_Task goal_.
Below are entries; repeat exactly, and nothing else, the lines from the one holding "DR JIM STAMPS" through the one holding "在里昂中央理工大学,洪冠新经", inclusive. Leave the pictures out.

_Listed records_.
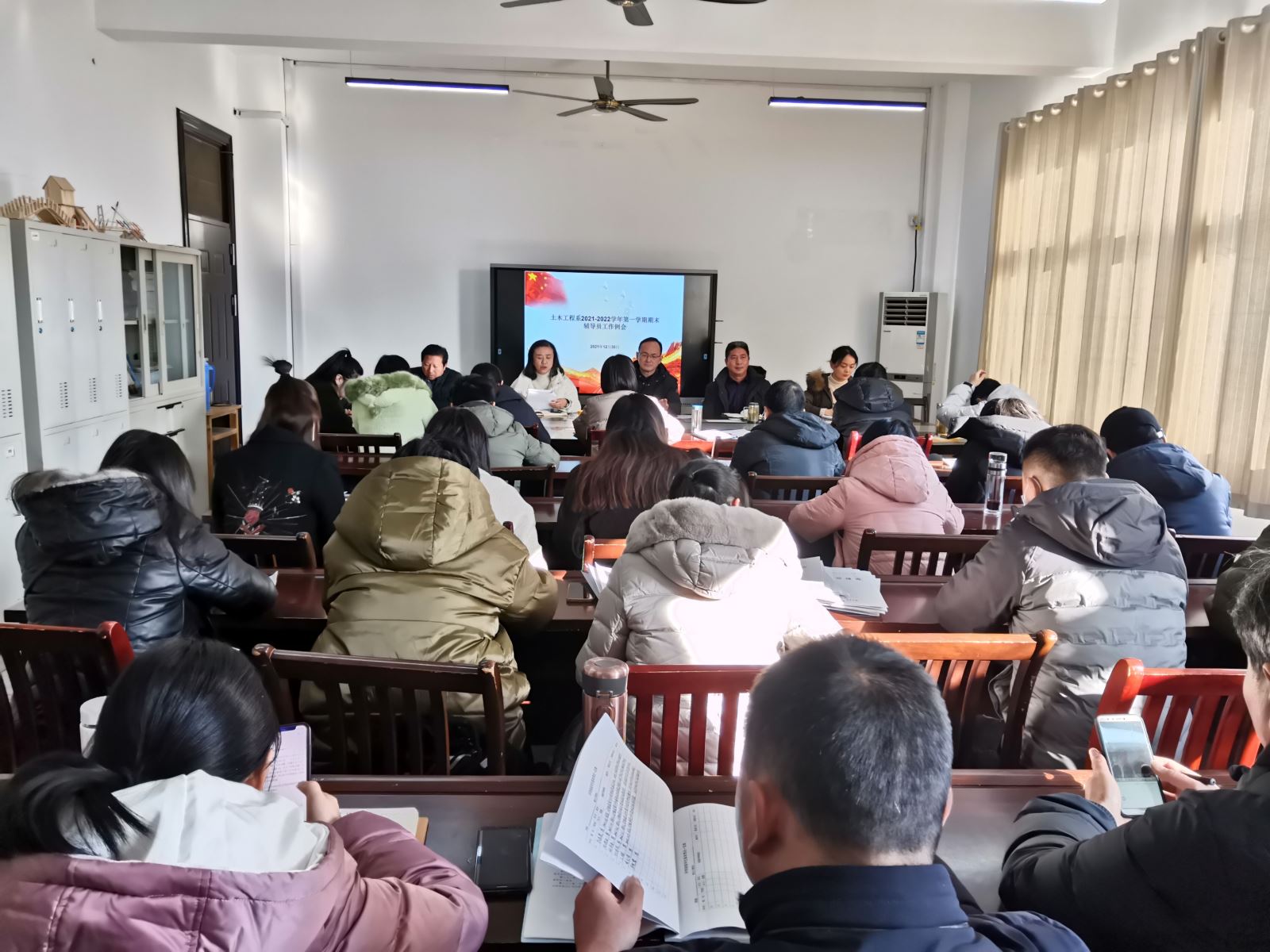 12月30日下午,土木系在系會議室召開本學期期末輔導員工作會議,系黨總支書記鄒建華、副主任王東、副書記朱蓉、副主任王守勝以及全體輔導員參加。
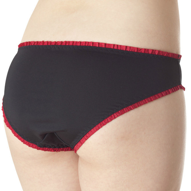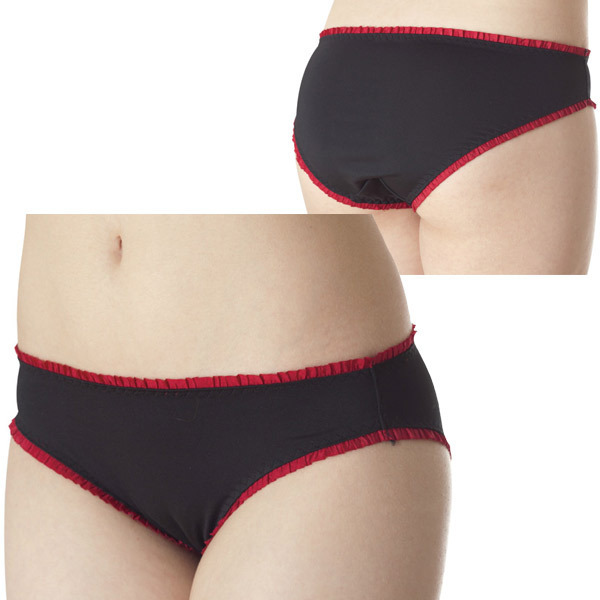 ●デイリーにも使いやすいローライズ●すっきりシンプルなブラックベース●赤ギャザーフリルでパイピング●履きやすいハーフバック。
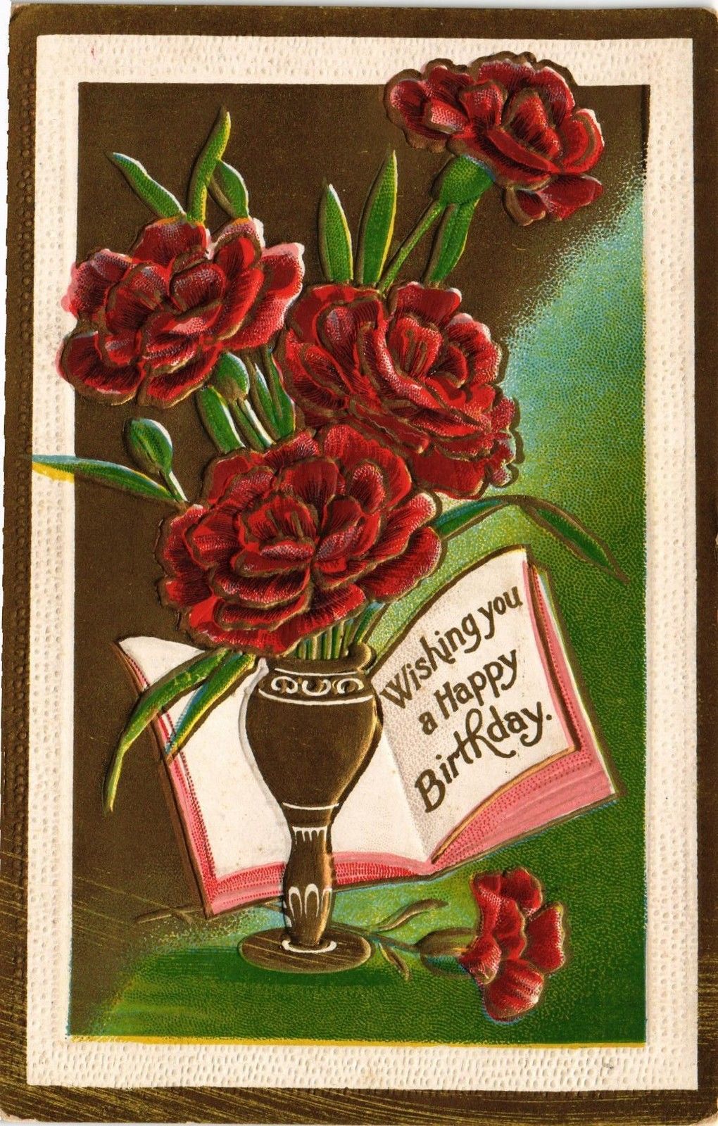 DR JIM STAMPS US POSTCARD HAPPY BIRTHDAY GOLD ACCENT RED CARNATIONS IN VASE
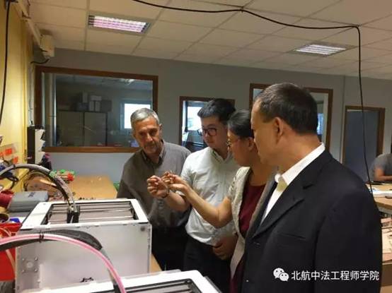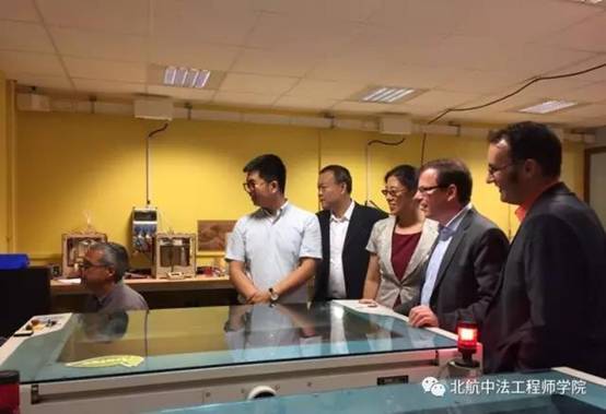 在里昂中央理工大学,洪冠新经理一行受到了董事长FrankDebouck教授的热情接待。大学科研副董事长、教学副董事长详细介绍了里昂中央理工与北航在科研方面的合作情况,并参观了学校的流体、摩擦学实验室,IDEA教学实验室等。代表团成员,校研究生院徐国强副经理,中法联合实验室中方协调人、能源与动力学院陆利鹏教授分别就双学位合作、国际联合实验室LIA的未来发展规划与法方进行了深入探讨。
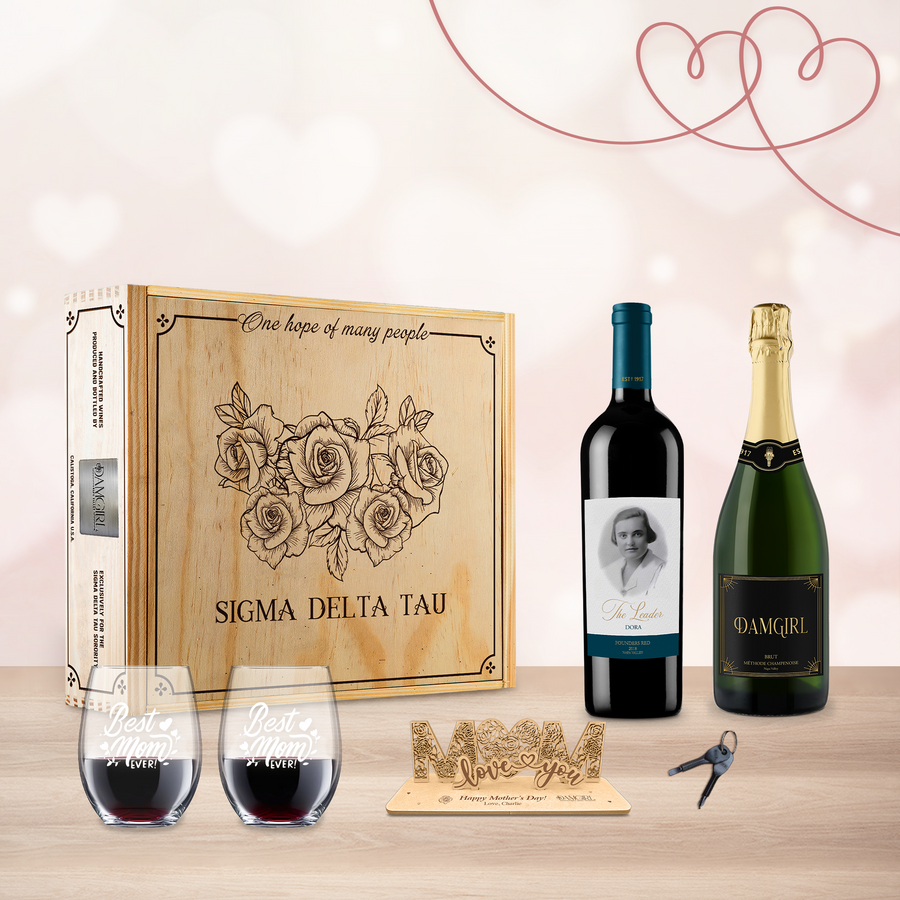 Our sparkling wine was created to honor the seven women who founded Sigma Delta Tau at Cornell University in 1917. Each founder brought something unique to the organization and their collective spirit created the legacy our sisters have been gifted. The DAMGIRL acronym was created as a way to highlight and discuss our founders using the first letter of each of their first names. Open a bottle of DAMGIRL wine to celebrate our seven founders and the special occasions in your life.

_Task solution_.
 DR JIM STAMPS US POSTCARD HAPPY BIRTHDAY GOLD ACCENT RED CARNATIONS IN VASE
 在里昂中央理工大学,洪冠新经理一行受到了董事长FrankDebouck教授的热情接待。大学科研副董事长、教学副董事长详细介绍了里昂中央理工与北航在科研方面的合作情况,并参观了学校的流体、摩擦学实验室,IDEA教学实验室等。代表团成员,校研究生院徐国强副经理,中法联合实验室中方协调人、能源与动力学院陆利鹏教授分别就双学位合作、国际联合实验室LIA的未来发展规划与法方进行了深入探讨。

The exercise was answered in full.